By Dhirendra Tripathi
Investing.com – General Motors stock (NYSE:GM) fell over 7% Wednesday as the carmaker warned of semiconductor shortages, higher raw material prices and supply chain challenges even as it raised its forecast for the year.
The company lost market share in almost all segments and all geographies barring one and that weighed on the stock too. However, its share of the U.S. market for trucks rose to 31.2% from 30% a year ago.
It called the semiconductor shortage situation “fluid” and said it will look to prioritize products that have the highest-demand and are capacity-constrained.
The company expects to lose production of about 100,000 vehicles in North America in the second half while it anticipates commodity costs to rise by $1.5 billion-$2.0 billion, according to Reuters.
GM is not alone in suffering from semiconductor shortage. It has troubled almost all carmakers last one year as the pandemic-induced lockdowns in various parts of the world disrupted supply chains. Factories have been shut and production curtailed.

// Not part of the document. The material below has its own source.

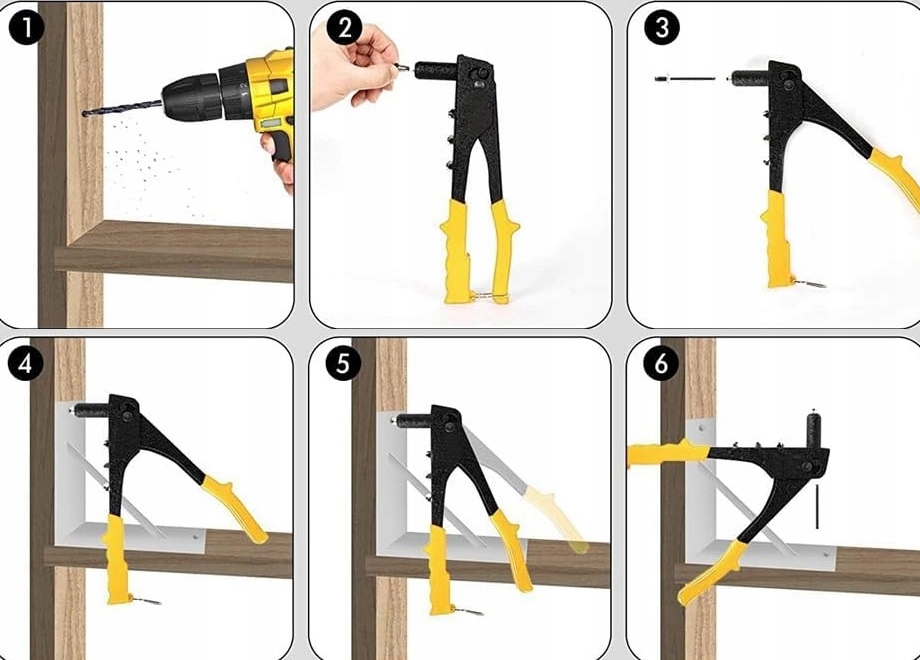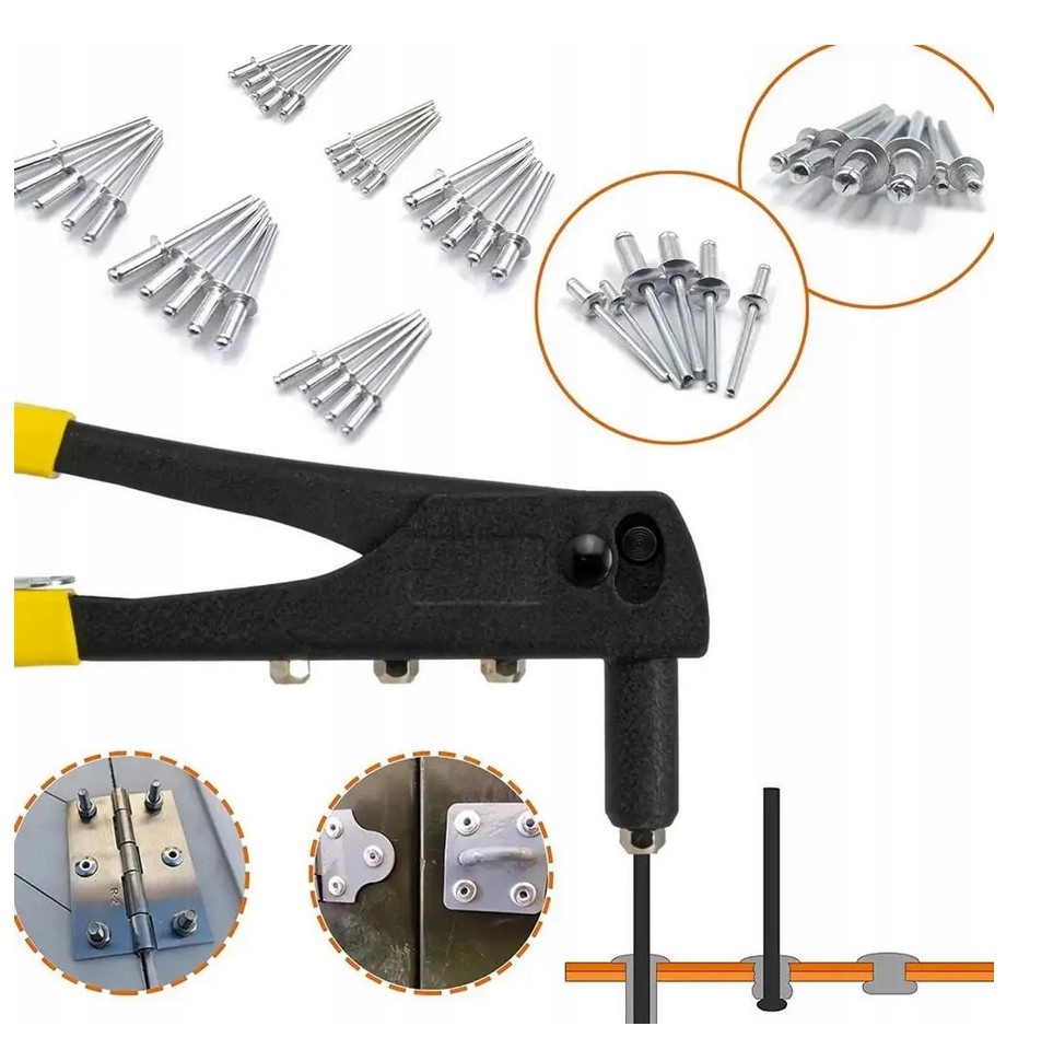 Ручной заклепочник — незаменимый инструмент для каждого любителя и профессионала, работающего своими руками, которому необходимы прочные металлические соединения и сборка в труднодоступных местах. Идеально подходит для работы с листовым металлом, ремонта автомобилей, изготовления мебели и установки вентиляции. Благодаря своей долговечности, точному исполнению и эргономичной ручке заклепочник обеспечивает длительную работу без усталости.

Prices of steel, rubber, glass and almost all inputs have risen. Shipping too has suffered.
Nonetheless, the company now expects full-year EBIT-adjusted in the range of $11.5 billion to $13.5 billion, compared to $10 billion-$11 billion previously.
According to Reuters, the more bullish outlook depends on GM having no vehicles stuck in inventory because of a lack of semiconductors.
Net income in the second quarter was $2.8 billion, or $1.90 a share, compared with a loss of $806 million, or 56 cents a share in the same period a year ago.